Lagi, Masyarakat Lapandewa dan Sampolawa Kembali Ungkit Soal Tapal Batas
Deni Djohan, telisik indonesia
Sabtu, 12 September 2020
0 dilihat
Warga kembali mendatangi wilayah perbatasan. Foto: Ist.
" Jadi, lahan tersebut saat ini masih berstatus quo. Artinya belum ada kejelasan pemilik hak kedua wilayah tersebut. "
BUTON SELATAN, TELISIK.ID - Perseteruan warga Kecamatan Sampolawa dan Lapandewa Buton Selatan (Busel), soal sengketa tapal batas seakan tak ada akhir. Hari ini, Sabtu (12/8/20) kedua warga tersebut kembali bersitegang.
Salah satu tokoh pemuda Sampolawa, Rismanto mengatakan, konflik ini sudah terjadi dari beberapa tahun silam. Pihaknya juga sudah pernah bertemu dengan pemerintah daerah guna menyelesaikan konflik tersebut.
Hanya saja, hingga kini tak ada penanganan serius dari pemerintah. Padahal, tim terpadu penyelesaian sengketa tapal batas Pemda telah terbentuk.
Menurutnya, bila tim terpadu tak mampu menyelesaikan persoalan itu, Pemda diminta untuk segera merampungkan dan mengesahkan dokumen rencana tata ruang wilayah (RTRW) Busel. Pasalnya, tapal batas dan batas tegas wilayah diatur dalam dokumen tersebut.
"Jadi, lahan tersebut saat ini masih berstatus quo. Artinya belum ada kejelasan pemilik hak kedua wilayah tersebut," paparnya.
Ia berharap, Pemda Busel segera menyelesaikan persoalan tersebut. Jika tidak, ditakutkan akan ada korban lagi.
"Tim tapal batas saat itu sudah bekerja selama tiga hari. Nah, dari Lande, Lapandewa Kaindea dan Lapandewa Makmur sudah turun untuk dipertemukan. Saat itu difasilitasi langsung oleh Pemda Busel. Hanya saja, persoalan ini tidak lagi diselesaikan oleh Pemda, alasannya juga tidak jelas," ungkapnya.
Tak hanya berkomunikasi dengan tim terpadu, dirinya juga telah berkomunikasi dengan bagian Tapem. Bahkan, ia pernah melayangkan surat resmi menyusul adanya pembangunan rumah warga dikawasan objek sengketa. Namun pihak Tapem (Tata Pemerintahan) enggan merespon seluruh aduan itu.

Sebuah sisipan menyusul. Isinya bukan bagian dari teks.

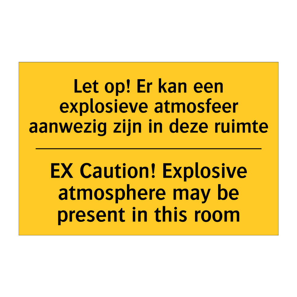 Waarschuwingsbord met de tekst Let op! Er kan een explosieve atmosfeer aanwezig zijn in deze ruimte / EX Caution! Explosive atmosphere may be present in this room

Baca juga: Tank TNI Tabrak Motor dan Gerobak, Komisi I DPR RI Minta Diusut Tuntas
"Jika merujuk pada titik koordinat masing-masing desa yang diambil saat itu, masyarakat yang Kaindea mengklaim lahan tersebut kawasan mereka. Sementara itu masih berstatus quo. Artinya, harusnya jangan dulu ada pembangunan di situ," bebernya.
Sejak terbentuk sebagai daerah otonom baru di Sultra, Buton Selatan terus mengalami perkembangan. Hanya saja, keterbatasan lahan di masing-masing wilayah menjadi kendala utama untuk melakukan pembangunan.

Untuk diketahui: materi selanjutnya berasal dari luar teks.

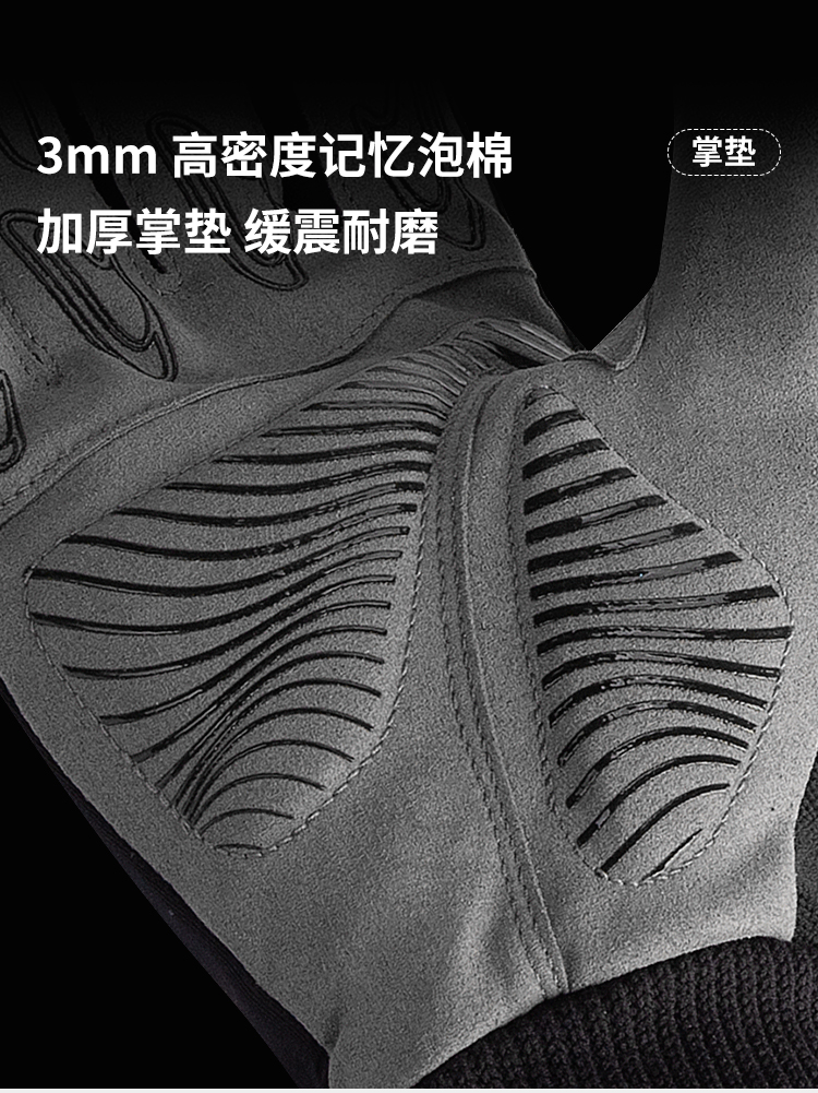 材質(zhì):30D牛奶絲手背、搖粒絨內(nèi)里、超纖手掌、3MM記憶掌墊、Visa擦汗布、拇指食指導電布

Apalagi, wilayah Lande merupakan daerah pesisir. Karena itu, ia meminta pemerintah daerah segera menyelesaikan persoalan itu agar masyarakat bisa mendapatkan hunian yang layak.

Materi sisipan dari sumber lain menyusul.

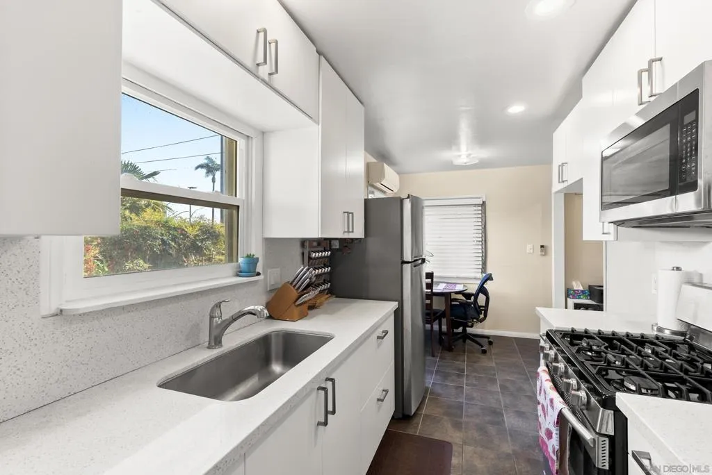 Situated on a desirable street in the heart of Mission Hills/Hillcrest, this thoughtfully maintained two-unit property offers a versatile living opportunity as a well-appointed primary residence and a separate secondary unit. Both units enjoy stand-up attic storage and share a privately enclosed private yard, creating a functional and flexible outdoor space. There are 2 parking spaces in front. The main house is a spacious 2-bedroom, 2-bath home offering 1,298 sq ft of comfortable living. Interior features include hardwood floors, a remodeled kitchen with quartz countertops, updated bathrooms, central heat and air, and a formal dining room ideal for everyday living or entertaining. A large storage room/pantry located just off the kitchen adds valuable functionality and convenience. Owned solar provides significant energy savings. The secondary unit is a 1-bedroom, 1-bath residence with 699 sq ft, offering excellent flexibility as a rental, guest space, or extended family accommodation. The unit features quartz kitchen counters, a gas stove, a cozy breakfast nook, faux wood blinds, manufactured wood flooring, and a generously sized bedroom with a built-in closet approximately twice the length of a standard closet. A charming retro yellow tiled bathroom adds character and cottage-style appeal.This property offers a unique combination of livability, flexibility, and location in one of San Diego’s most sought-after neighborhoods. Zoning: RM 3-9 One unit per 600sf of lot on a 5200sf parcel. Complete Communities: Tier 2: 8.0 FAR 60ft height Transit overlay- reduced parking req Situated on a desirable street in the heart of Mission Hills/Hillcrest, this thoughtfully maintained two-unit property offers a versatile living opportunity as a well-appointed primary residence and a separate secondary unit. Both units enjoy stand-up attic storage and share a privately enclosed private yard, creating a functional and flexible outdoor space. There are 2 parking spaces in front. The main house is a spacious 2-bedroom, 2-bath home offering 1,298 sq ft of comfortable living. Interior features include hardwood floors, a remodeled kitchen with quartz countertops, updated bathrooms, central heat and air, and a formal dining room ideal for everyday living or entertaining. A large storage room/pantry located just off the kitchen adds valuable functionality and convenience. Owned solar provides significant energy savings. The secondary unit is a 1-bedroom, 1-bath residence with 699 sq ft, offering excellent flexibility as a rental, guest space, or extended family accommodation. The unit features quartz kitchen counters, a gas stove, a cozy breakfast nook, faux wood blinds, manufactured wood flooring, and a generously sized bedroom with a built-in closet approximately twice the length of a standard closet. A charming retro yellow tiled bathroom adds character and cottage-style appeal. This property offers a unique combination of livability, flexibility, and location in one of San Diego’s most sought-after neighborhoods. Zoning: RM 3-9 One unit per 600sf of lot on a 5200sf parcel. Complete Communities: Tier 2: 8.0 FAR 60ft height Transit overlay- reduced parking requirements

"Kita juga ini mau membangun. Hanya saja kita mau membangun di atas (wilayah objek sengketa) tidak bisa juga. Sementara kita ini di teluk, tidak bisa membangun ke laut," katanya.
Sementara itu, Kabag Tapem Busel Sekretariat Daerah (Setda) Busel, LM Martosiswoyo, belum menjawab sambungan telepon wartawan ini. Padahal, jawaban Pemda sangat dibutuhkan oleh warga.
Di tempat berbeda, tokoh pemuda Lapandewa, La Masali Lapandewa, mengatakan, yang perlu diketahui saat ini adalah status objek masalah. Apakah penyelesaiannya merujuk pada hukum administrasi atau hukum adat. Sebab diketahui, Desa Gerak Makmur (Lande) merupakan bagian adat Lapandewa saat masih bergabung dalam Kabupaten Buton.
"Jadi yang terpenting itu adalah kehadiran pemerintah. Pemerintah harus hadir dalam persoalan ini. Sebab hal ini merupakan kewenangan daerah," jelasnya.
Ia berharap pemerintah segera menghentikan segala aktivitas yang tengah berlangsung di wilayah objek sengketa.